#Hypothyroidism is a common disorder of the endocrine system in which the thyroid gland does not produce enough thyroid hormone.
1) Iodine deficiency
2) Autoimmune condition called Hashimoto’s thyroiditis.
3) Less common causes include: previous treatment with radioactive iodine, injury to the hypothalamus or the anterior pituitary gland, certain medications, a lack of a functioning thyroid at birth, or previous thyroid surgery.
The diagnosis of hypothyroidism, when suspected, can be confirmed with blood tests measuring thyroid-stimulating hormone (TSH), T3 and T4 levels.
TSH stimulates the thyroid gland to produce T4 and finally T3 (active form).
Sometimes a condition called #subclinical hypothyroidism may develop where TSH is elevated with normal T3/T4 due to stress, illness etc.
Reverse T3: Conversion of T4 to T3 may be affected due to certain medications, stress etc called “non thyroidal illness”. Reverse T3 slows metabolism.

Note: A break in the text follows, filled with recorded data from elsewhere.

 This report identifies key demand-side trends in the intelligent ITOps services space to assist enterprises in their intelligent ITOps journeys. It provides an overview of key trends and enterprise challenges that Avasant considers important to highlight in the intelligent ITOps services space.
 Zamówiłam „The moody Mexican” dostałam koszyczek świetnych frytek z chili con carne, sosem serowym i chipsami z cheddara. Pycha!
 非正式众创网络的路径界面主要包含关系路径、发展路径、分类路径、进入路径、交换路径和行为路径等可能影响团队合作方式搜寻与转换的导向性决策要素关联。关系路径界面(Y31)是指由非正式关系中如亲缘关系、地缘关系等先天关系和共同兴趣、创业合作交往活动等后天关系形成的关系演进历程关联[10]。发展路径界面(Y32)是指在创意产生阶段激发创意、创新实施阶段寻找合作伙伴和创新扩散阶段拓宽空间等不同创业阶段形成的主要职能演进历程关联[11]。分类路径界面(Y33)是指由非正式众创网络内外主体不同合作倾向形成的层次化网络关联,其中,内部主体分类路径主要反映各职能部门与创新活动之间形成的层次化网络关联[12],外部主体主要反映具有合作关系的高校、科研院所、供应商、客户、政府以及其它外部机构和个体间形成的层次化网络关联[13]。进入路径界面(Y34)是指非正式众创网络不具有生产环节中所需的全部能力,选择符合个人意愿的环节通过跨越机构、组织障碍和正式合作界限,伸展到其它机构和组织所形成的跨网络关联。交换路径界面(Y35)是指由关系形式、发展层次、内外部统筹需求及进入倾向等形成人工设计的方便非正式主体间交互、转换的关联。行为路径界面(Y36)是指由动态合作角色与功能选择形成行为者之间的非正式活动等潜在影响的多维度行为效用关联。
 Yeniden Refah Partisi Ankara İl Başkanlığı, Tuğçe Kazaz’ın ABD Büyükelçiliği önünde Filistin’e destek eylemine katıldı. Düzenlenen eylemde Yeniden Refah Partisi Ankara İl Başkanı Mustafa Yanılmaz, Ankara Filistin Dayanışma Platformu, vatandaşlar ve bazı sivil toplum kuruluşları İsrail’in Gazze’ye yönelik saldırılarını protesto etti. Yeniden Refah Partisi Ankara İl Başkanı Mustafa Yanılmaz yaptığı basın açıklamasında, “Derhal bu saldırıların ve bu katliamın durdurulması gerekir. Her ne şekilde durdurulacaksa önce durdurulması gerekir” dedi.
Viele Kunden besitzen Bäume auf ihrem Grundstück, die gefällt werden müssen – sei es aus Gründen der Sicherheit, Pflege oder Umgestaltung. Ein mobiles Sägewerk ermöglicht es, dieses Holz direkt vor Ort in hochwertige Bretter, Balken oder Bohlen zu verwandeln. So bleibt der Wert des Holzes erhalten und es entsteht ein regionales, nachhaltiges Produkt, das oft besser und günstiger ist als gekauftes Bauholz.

Pregnancy leads to marked changes in thyroid hormone physiology. Many women who have normal thyroid function may develop evidence of hypothyroidism before or after giving birth.

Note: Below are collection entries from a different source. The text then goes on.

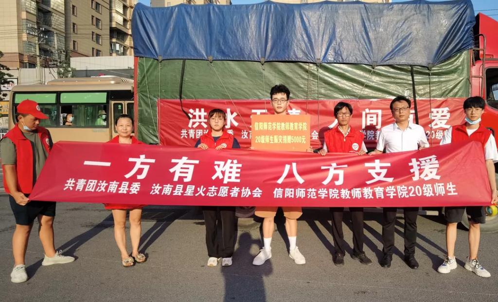 7月28日下午,爱心募捐结束后,20级本科六班团支书吴华政与其家乡所在地汝南县团委积极沟通,县团委对此表示强烈支持,随即与其下辖的星火志愿服务队对接并捐出5000元与小教学子一同驰援河南新乡。7月29日,接到河南新乡红十字会反馈,由于集中安置点灾民缺乏米面油等物资,生活质量和医疗物资都无法保障,决定购买170袋面粉,120桶油和7箱医疗物品。7月30日,学院学生代表吴华政,康思源跟随星火志愿服务队的物资车队一同前往河南新乡搬运救援物资,慰问救灾人民。返回时,新乡人民对其表示由衷的感谢。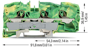 3-Leiter-Schutzleiterklemme; 16 mm²; für Anwendungen Ex e II geeignet; seitliche und mittige Beschriftung; für Tragschiene 35 x 15 und 35 x 7,5; Push-in CAGE CLAMP®; 16,00 mm²; grün-gelb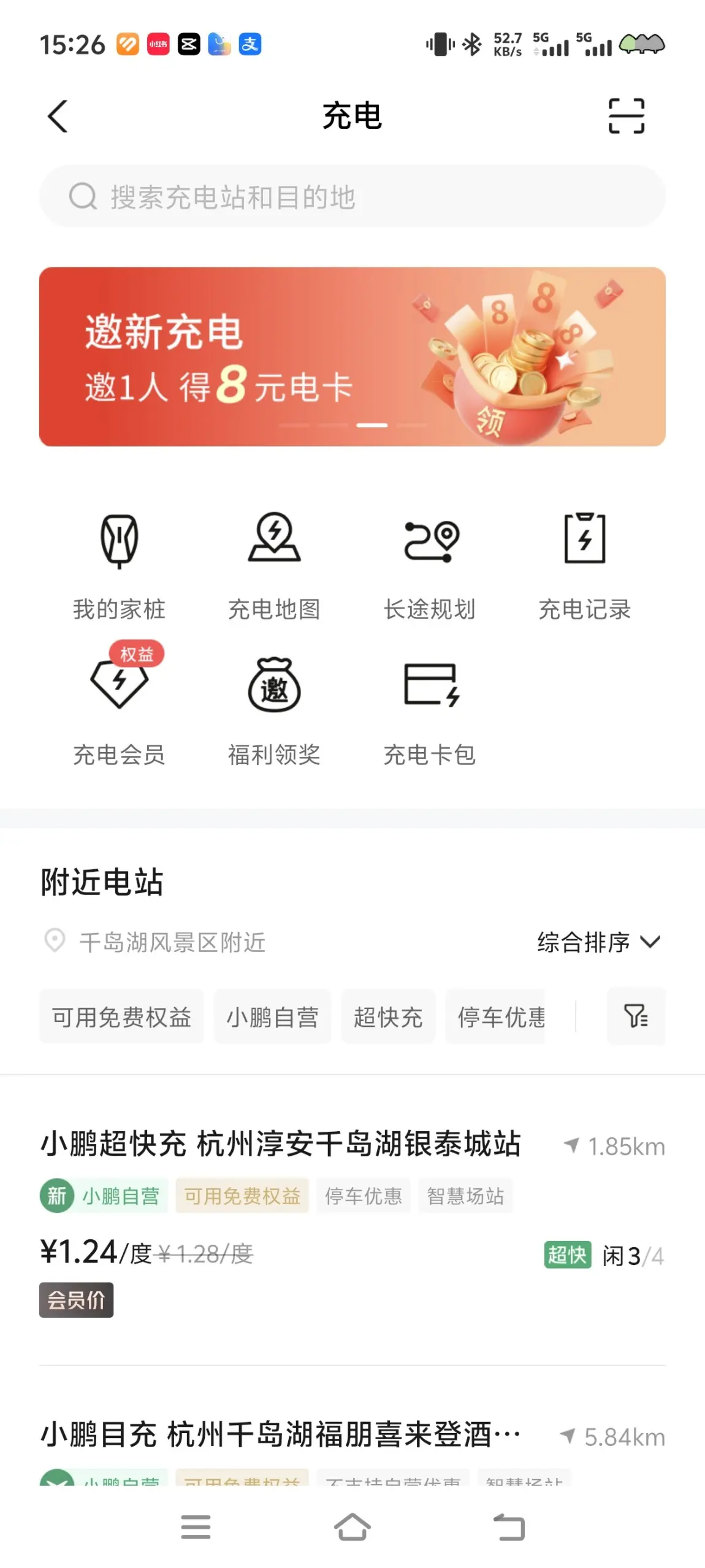 再说下续航和充电,我开的是G7 702Ultra,到达后又玩了两天,临走时候去充电,还剩了23%,非常安心。在千岛湖银泰半个小时充满,其实如果只冲到90%的话,20分钟就够,反正那天不赶时间,又有免费奶,就多留点余量了。这里也要夸一下窝棚的自建桩,前两年来的时候,还是只能在桐庐那边冲,现在千岛湖已经有三个小鹏超充点了,而且分布在不同湖区,不管你住哪边的湖区,都能比较方便的补能。

Symptoms: Weight gain, lethargy, poor appetite, constipation, decrease tolerance to cold temperatures.
-Treatment with thyroid hormone. Ensure it is taken 30-60 minutes before or 4 hours after a meal as food interferes with absorption.
-In those with TSH levels between 5-10 mlU/L, no treatment may be needed if antibodies are not detected (your physician is the best judge).
-Low to very low carbohydrate diet.
-Adequate selenium and zinc are needed for the conversion of T4 to active T3 in the body.
-Exercise plays a pivotal role in weight management.
-It may be harder to lose weight even if the blood levels normalise with treatment; therefore consistency is key.
-Treat underlying cause in case of non thyroidal illness.